В информационном обществе преобразуется не только взаимодействие социальных структур и отдельных сообществ, но и самосознание индивида. На обусловленную сетевой культурой возрастающую роль групповых идентичностей и соединение многочисленных идентичностей в каждом отдельном индивиде указывает М. Кастельс в работе «Сила идентичности в информационную эпоху» [8]. При поддержке идей трансгуманизма понимание человеческой телесности расширяется и выходит из рамок материального мира в мир виртуальный. Существующее в дополненной реальности человеческое тело изменяет восприятие пространства, делает его нелинейным и многомерным. В исследовании «Техногнозис: миф, магия и мистицизм в информационную эпоху» культурный критик Э. Дэвис сопоставляет сценарий трансценденции из материального мира в виртуальный через использование информационных технологий с магическим и религиозным мышлением в традиционном обществе [12]. По мнению Э. Дэвиса, трансгуманизм, построенный на сопоставлении физического и виртуального тела, выступает футуристичным переосмыслением идей гностицизма. На возрождение интереса к «традиции», сопряженное с возрастанием роли чувства принадлежности к группам и культурной идентичности, указывает и Э. Гидденс. Ссылаясь на влиятельное исследование Э. Хобсбаума [13], социолог отмечает, что подобно традициям, закрепившимся в XIX–XX вв., большая часть современных традиций была изобретена сравнительно недавно и лишь претендует на преемственность прошлому [14, с. 39]. Более резкую оценку тенденции, направленной на связанный с самоопределением «поиск аутентичности» [15], дает канадский культуролог Э. Поттер, указывая на его «фальшивый» характер и принципиальную антимодерность. Возрождение интереса к традиции, сопряженное с поиском групповых идентичностей, в условиях цифровизации способствует росту интереса к «народным» методам строительства, пропущенным сквозь призму современных высоких технологий. Теоретик архитектуры Р. Колхас считает обращение к «аутентичным», «реальным» материалам и «традиционным» технологиям новой формой проявления виртуальности [16, c. 171].
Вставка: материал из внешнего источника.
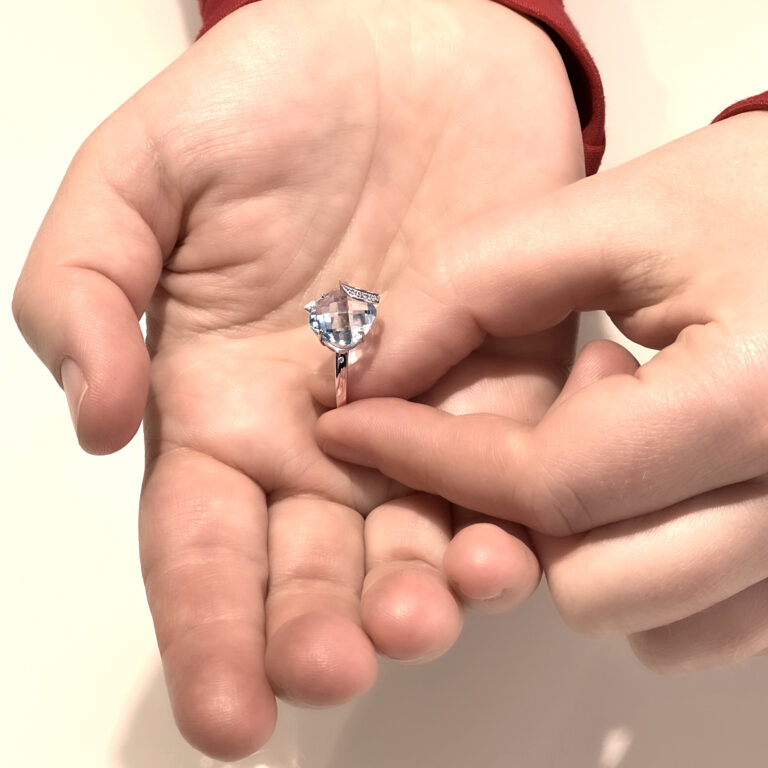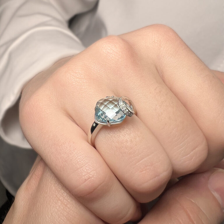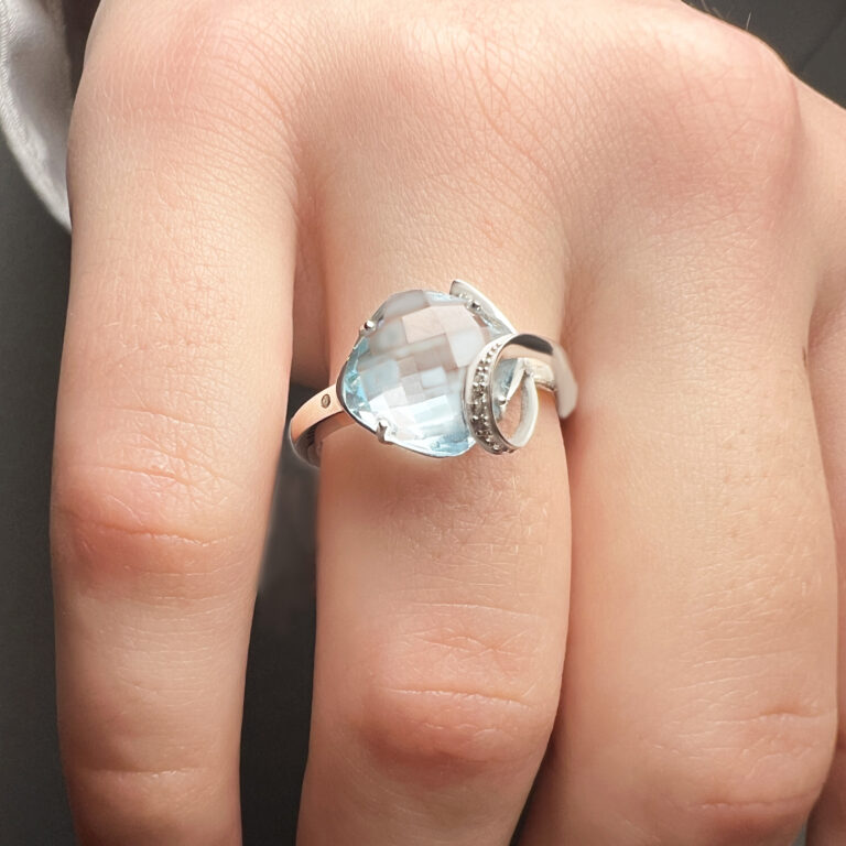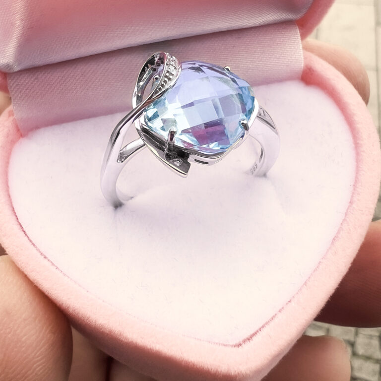 přírodní topaz světle modré barvy, šachovnicový brus, rozměry 10*10 mm + 8 přírodních diamantů o celkové váze 0,03 ct kvality Si1 barvy bílá H

Характерное для культуры второй половины ХХ в. замещение «реального» непосредственного переживания иллюзорным «виртуальным», поддерживаемое расцветом информационных технологий, наиболее полно описывается в рамках таких философских концепций, как «общество зрелищ» Г.-Э. Дебора [17], «симулякр» Ж. Бодрийяра [18], «пустыня реального» С. Жижека [19]. Философы указывают на негативные последствия этого процесса: отчуждение человека от «настоящего» мира, подмену подлинного, аутентичного восприятия фальшивым, утрату «агентности» («agency»), т. е. способности индивида к осознанным самостоятельным действиям и контролируемой реализации собственной воли. Утрата агентности создает предпосылки для возникновения политических режимов, практикующих «мягкую» форму авторитаризма, обеспеченную контролем масс-медиа.
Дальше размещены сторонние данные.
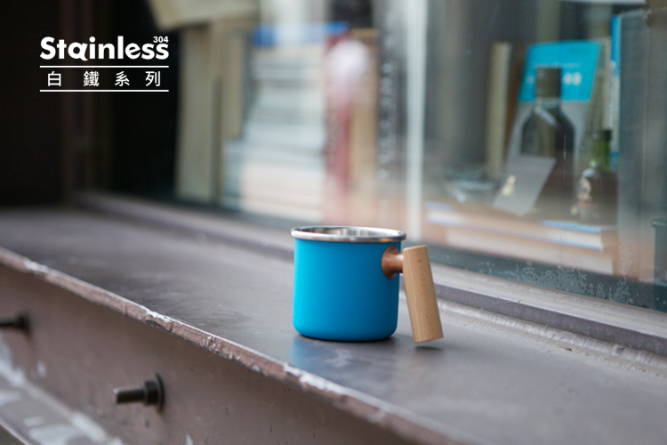 木柄白鐵杯 400ml 河口藍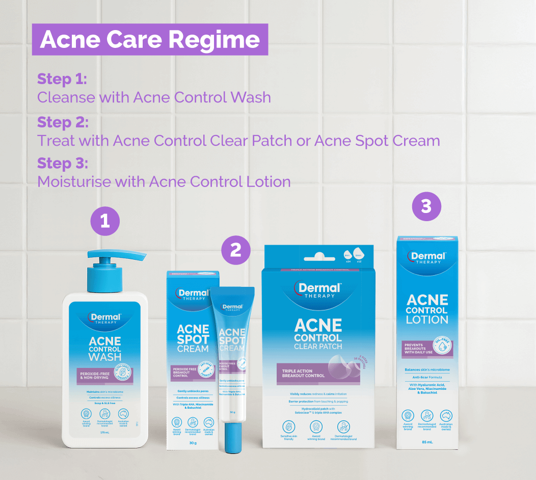 - Moisturise and prevent using Dermal Therapy Acne Control Lotion

Эти философские идеи преломляются в экспериментальных формообразовании и урбанистике, будучи восприняты архитекторами как напрямую из первоисточников, так и в интерпретации кинофильмов, анимации, литературы. Поэтому для более точного понимания взаимодействия философских концепций, образов массовой культуры и экспериментального формообразования на рубеже XX–XXI вв. в исследовании рассматриваются знаковые научно-фантастические произведения, наиболее глубоко раскрывающие потенциальные сценарии возможного будущего архитектуры в условиях (пост-) информационного общества. Научно-фантастические работы выбирались на основании их признания в литературо- и киноведении, влияния на массовую культуру, высказываний архитекторов и архитектурных критиков о культурной значимости данных работ. К ним относятся в первую очередь романы и повести в жанре «киберпанк»: «Нейромант» (1984) [20], «Идору» (1996) [21] У. Гибсона (автора термина «киберпространство»); «Лавина» (1992) и «Алмазный век» (1995) [22] Н. Стивенсона; игровые и мультипликационные фильмы: «Бегущий по лезвию» Р. Скотта (1982); «Призрак в доспехах» (1995), «Призрак в доспехах: Невинность» (2004) М. Осии; «Матрица» (1999) Л. и Л. Вачовски; «Яблочное семя» (2004) С. Арамаки. Авторы этих произведений исследуют проблемы взаимного преобразования материальной и виртуальной среды и взаимодействия человека с пространством, которое возникает на стыке виртуального и реального, предлагаются различные сценарии развития цифрового общества и гипотетические формы, в которых может воплотиться архитектура в том или ином сценарии будущего.
Если в массовой культуре понимание информационного пространства как авторитарной иллюзии сформировано на основе идей Ж. Бодрийяра (в первую очередь, благодаря фильму «Матрица»), то в области экспериментальной архитектуры и научно-фантастической литературы более явно прослеживается влияние философа Г.-Э. Дебора [23] и его последователей в политически-философском движении ситуационизма: голландского художника Константа (К. Ньювенхеуса) и социолога А. Лефевра, автора работы «Производство пространства» [24], одного из программных текстов современного урбанизма.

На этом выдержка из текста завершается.